Other cache functions:
re::getcachesize() // Get Cache Count
re::purge() // Purge Cache
NOTE
Cache is not enabled by default.
###Python like Syntax
Python re syntax document: https://docs.python.org/2/library/re.html
BASELINE: 2.7.11
State of compliance for python re document
###Unicode Support
Unicode are support by PCRE2
Make sure 16 bit(for VC++) or 32 bit (for *nix/Mac) are linked to the project.
All Unicode Chars shall be processed by wide string(std::wstring, begins with “L” indicator).
And make sure, once the wide string is used for strings, pattern and repl MUST be wide string also.
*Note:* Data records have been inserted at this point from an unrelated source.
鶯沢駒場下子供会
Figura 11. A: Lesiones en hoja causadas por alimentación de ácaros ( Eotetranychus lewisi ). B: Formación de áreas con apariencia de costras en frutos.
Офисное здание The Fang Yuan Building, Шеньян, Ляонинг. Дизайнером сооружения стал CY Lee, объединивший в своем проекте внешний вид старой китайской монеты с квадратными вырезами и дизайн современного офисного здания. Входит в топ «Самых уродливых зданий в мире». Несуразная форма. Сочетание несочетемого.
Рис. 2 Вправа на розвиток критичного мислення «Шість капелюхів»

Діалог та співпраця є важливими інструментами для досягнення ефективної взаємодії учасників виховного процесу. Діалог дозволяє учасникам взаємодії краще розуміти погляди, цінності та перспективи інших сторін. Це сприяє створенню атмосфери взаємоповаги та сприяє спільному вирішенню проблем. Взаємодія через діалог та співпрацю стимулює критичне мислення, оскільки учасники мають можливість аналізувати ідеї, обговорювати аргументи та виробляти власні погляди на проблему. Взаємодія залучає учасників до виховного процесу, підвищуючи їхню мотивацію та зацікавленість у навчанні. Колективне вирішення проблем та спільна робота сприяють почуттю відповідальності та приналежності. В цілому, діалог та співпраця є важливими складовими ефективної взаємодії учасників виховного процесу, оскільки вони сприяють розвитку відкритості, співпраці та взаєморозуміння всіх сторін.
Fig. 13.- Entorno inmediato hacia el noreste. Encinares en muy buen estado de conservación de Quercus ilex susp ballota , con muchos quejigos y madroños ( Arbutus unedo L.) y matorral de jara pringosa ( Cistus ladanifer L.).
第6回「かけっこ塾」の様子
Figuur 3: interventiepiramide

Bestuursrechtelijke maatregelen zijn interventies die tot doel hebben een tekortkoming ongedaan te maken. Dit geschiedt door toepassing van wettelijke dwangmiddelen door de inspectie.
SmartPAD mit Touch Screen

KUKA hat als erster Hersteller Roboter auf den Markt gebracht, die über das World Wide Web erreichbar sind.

There are two kinds of objects: ObjFoo and ObjFooW, the latter one is for wide string.
Every logical code has two copys, one for ANSI and the other for wide string.
Users shall not aware of the difference as they can use keyword auto to take the object(smart pointer) returned from compile or search functions.
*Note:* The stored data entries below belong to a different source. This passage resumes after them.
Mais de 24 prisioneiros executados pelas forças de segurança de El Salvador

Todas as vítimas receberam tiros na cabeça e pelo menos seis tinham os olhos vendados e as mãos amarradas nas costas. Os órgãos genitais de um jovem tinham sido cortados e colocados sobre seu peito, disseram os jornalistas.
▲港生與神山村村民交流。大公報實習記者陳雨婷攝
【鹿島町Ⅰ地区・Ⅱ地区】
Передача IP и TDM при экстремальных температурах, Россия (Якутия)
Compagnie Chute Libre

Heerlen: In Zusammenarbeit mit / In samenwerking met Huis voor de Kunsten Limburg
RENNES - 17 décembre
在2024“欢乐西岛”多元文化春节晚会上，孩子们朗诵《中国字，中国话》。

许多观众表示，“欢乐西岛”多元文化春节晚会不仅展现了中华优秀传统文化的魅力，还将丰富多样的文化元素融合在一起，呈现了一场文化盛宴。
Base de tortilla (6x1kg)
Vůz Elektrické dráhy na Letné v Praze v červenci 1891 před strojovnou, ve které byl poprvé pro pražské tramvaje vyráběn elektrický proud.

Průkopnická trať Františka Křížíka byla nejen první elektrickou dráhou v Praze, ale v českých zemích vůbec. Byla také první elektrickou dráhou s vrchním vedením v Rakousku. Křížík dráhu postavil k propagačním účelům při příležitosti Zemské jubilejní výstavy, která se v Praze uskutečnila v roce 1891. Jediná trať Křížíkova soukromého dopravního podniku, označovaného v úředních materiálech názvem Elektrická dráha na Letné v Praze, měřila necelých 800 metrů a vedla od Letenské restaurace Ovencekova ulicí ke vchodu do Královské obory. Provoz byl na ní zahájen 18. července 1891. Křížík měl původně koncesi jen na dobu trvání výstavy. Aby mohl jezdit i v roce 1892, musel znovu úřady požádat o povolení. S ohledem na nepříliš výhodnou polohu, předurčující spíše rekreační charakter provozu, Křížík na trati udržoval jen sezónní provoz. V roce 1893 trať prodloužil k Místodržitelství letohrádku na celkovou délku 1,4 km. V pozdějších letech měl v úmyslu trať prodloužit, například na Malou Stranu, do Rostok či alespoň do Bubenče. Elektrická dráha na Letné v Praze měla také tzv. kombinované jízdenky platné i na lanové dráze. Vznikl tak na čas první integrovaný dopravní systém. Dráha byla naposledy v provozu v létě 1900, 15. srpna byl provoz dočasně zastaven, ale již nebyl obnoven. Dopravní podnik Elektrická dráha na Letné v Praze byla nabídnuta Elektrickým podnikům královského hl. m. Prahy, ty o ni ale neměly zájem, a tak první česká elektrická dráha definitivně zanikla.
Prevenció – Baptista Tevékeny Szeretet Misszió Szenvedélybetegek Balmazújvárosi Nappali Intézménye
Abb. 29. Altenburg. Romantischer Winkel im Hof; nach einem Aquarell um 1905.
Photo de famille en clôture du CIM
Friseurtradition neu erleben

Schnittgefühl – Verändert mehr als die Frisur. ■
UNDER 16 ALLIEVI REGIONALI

Of course, user shall use std::string or std::wstring in the last phase based on they input string type.
Example of matching Chinese chars (wide string)
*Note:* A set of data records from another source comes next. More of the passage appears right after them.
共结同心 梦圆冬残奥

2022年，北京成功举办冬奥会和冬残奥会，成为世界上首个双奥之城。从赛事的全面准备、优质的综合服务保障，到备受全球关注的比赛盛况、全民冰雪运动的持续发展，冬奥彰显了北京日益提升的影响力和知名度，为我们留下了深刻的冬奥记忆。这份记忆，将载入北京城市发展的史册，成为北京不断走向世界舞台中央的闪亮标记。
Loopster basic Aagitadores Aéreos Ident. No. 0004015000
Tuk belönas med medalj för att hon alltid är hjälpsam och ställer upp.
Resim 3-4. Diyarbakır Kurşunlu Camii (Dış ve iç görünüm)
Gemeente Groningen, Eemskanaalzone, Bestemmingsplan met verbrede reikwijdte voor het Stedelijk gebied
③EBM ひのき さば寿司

std::wstring STR = L"赵 钱 孙 李";
auto v = re::findall(LR"(\p{Han})",STR);
for (auto i = v.begin(); i < v.end();i++){
std::wcout<<(*i)<<std::endl;
}
//赵
//钱
//孙
//李
Reference of Unicode Category:
http://www.regular-expressions.info/unicode.html
##Exception Handling
There is no exception handling
nullptr or empty string or empty vector will be returned if anything goes wrong
Use following function for regexp compilation error or sub/subn function
re::getlasterror() // != 100 for abnormal cases
re::getlasterrorstr()
re::geterroroffset()
Examples:
There is a wxwidgets based regex test project in repo
Here are some examples
Snippet
m_textCtrlRegex->Bind(wxEVT_TEXT, [=](wxCommandEvent &event){
std::wstring a = m_textCtrlRegex->GetValue();
auto R = re::compile(a);
if (R){
m_textCtrlRegex->SetBackgroundColour(wxColor(0,255,0));
m_textCtrlRegex->Refresh();
m_textCtrlFindAll->Clear();
m_textCtrlFindAll->Refresh();
}
else{
m_textCtrlRegex->SetBackgroundColour(wxColor(255, 0, 0));
m_textCtrlRegex->Refresh();
m_textCtrlFindAll->Clear();
m_textCtrlFindAll->AppendText(std::to_string(re::getlasterror()));
m_textCtrlFindAll->AppendText("\n");
m_textCtrlFindAll->AppendText(re::getlasterrorstr());
m_textCtrlFindAll->Refresh();
}
}
No error shall be trigged during the RegexObj.search function
For details see State of compliance for python re document document
##Known Issues
The current phase of this project is to support basic function and handle unicode texts properly
Some functions related to the position are not fully tested(although a few other functions are depend on them and works)
##Developer
API: http://www.pcre.org/current/doc/html/pcre2api.html
Coding style for PCRE2Plus:
refer to clang format
PCRE2PLUS is PCRE2 Wrapper (Using PYTHON style)
Written By Boying Xu
If you want to see the original PCRE2 License
Please check here
Copyright © 2016, Boying Xu
All rights reserved.
Redistribution and use in source and binary forms, with or without modification, are permitted provided that the following conditions are met:
- Redistributions of source code must retain the above copyright notice, this list of conditions and the following disclaimer.
- Redistributions in binary form must reproduce the above copyright notice, this list of conditions and the following disclaimer in the documentation and/or other materials provided with the distribution.
- Neither the name of the copyright holder nor the names of its contributors may be used to endorse or promote products derived from this software without specific prior written permission.
THIS SOFTWARE IS PROVIDED BY THE COPYRIGHT HOLDERS AND CONTRIBUTORS “AS IS” AND ANY EXPRESS OR IMPLIED WARRANTIES, INCLUDING, BUT NOT LIMITED TO, THE IMPLIED WARRANTIES OF MERCHANTABILITY AND FITNESS FOR A PARTICULAR PURPOSE ARE DISCLAIMED. IN NO EVENT SHALL THE COPYRIGHT HOLDER OR CONTRIBUTORS BE LIABLE FOR ANY DIRECT, INDIRECT, INCIDENTAL, SPECIAL, EXEMPLARY, OR CONSEQUENTIAL DAMAGES (INCLUDING, BUT NOT LIMITED TO, PROCUREMENT OF SUB
STITUTE GOODS OR SERVICES; LOSS OF USE, DATA, OR PROFITS; OR BUSINESS INTERRUPTION) HOWEVER CAUSED AND ON ANY THEORY OF LIABILITY, WHETHER IN CONTRACT, STRICT LIABILITY, OR TORT (INCLUDING NEGLIGENCE OR OTHERWISE) ARISING IN ANY WAY OUT OF THE USE OF THIS SOFTWARE, EVEN IF ADVISED OF THE POSSIBILITY OF SUCH DAMAGE.